Exercise goal — Check every line of the data and copy the ones where "this" appears.

Data for analysis —
"""

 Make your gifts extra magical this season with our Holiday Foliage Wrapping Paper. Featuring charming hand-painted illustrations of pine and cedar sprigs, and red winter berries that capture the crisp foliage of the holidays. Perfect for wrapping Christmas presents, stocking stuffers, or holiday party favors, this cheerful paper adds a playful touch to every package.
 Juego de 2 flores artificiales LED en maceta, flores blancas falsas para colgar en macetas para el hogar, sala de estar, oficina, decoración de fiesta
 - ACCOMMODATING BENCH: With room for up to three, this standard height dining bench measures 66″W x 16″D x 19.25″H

"""
"""

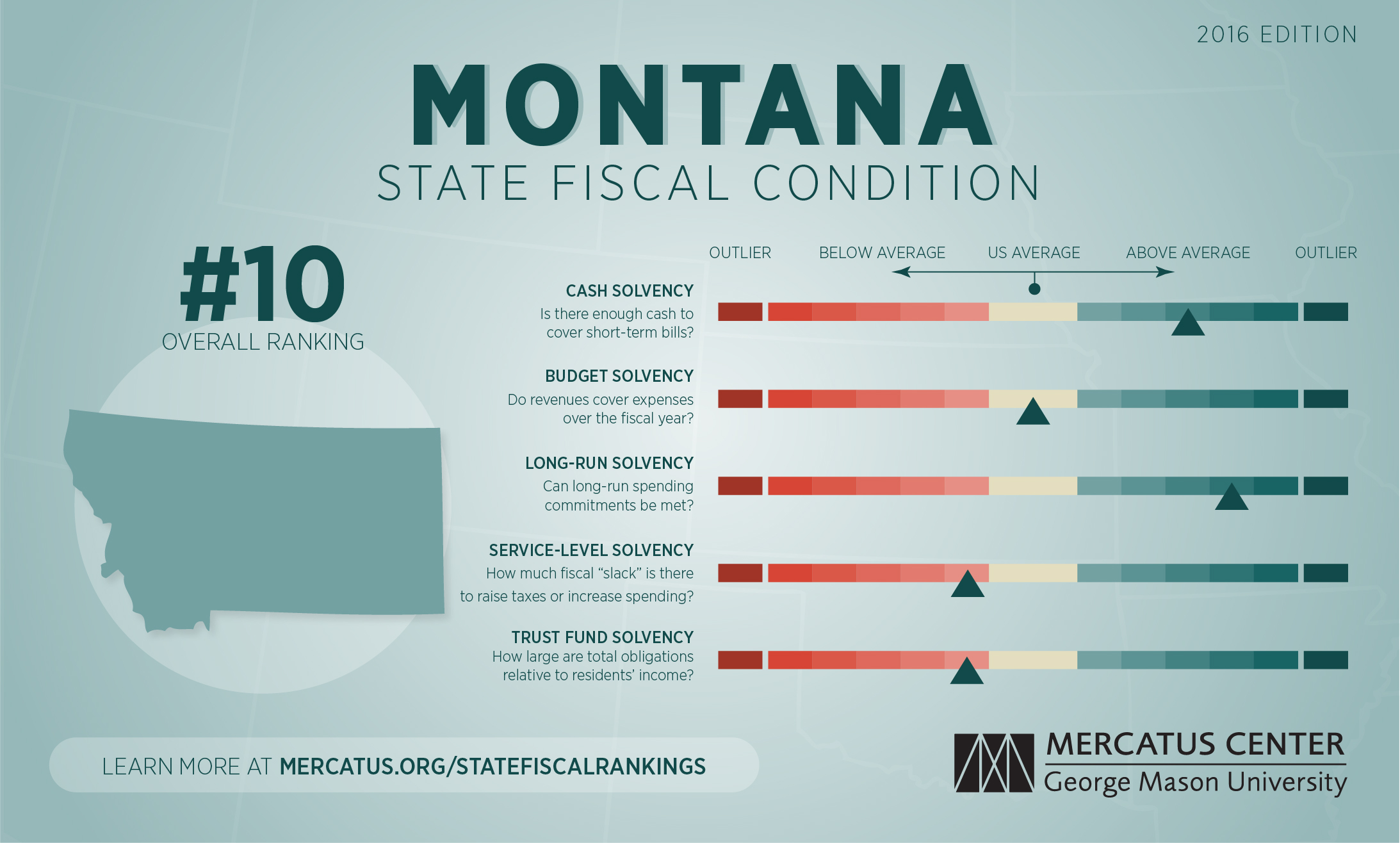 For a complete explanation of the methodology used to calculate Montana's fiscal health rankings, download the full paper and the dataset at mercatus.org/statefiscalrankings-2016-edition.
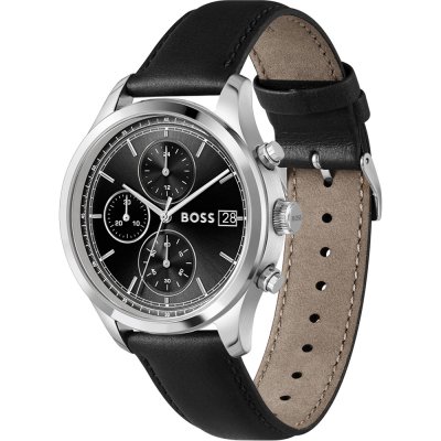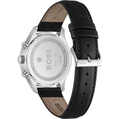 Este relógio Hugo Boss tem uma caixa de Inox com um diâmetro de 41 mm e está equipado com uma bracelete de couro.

"""

Finished task —
 Make your gifts extra magical this season with our Holiday Foliage Wrapping Paper. Featuring charming hand-painted illustrations of pine and cedar sprigs, and red winter berries that capture the crisp foliage of the holidays. Perfect for wrapping Christmas presents, stocking stuffers, or holiday party favors, this cheerful paper adds a playful touch to every package.
 - ACCOMMODATING BENCH: With room for up to three, this standard height dining bench measures 66″W x 16″D x 19.25″H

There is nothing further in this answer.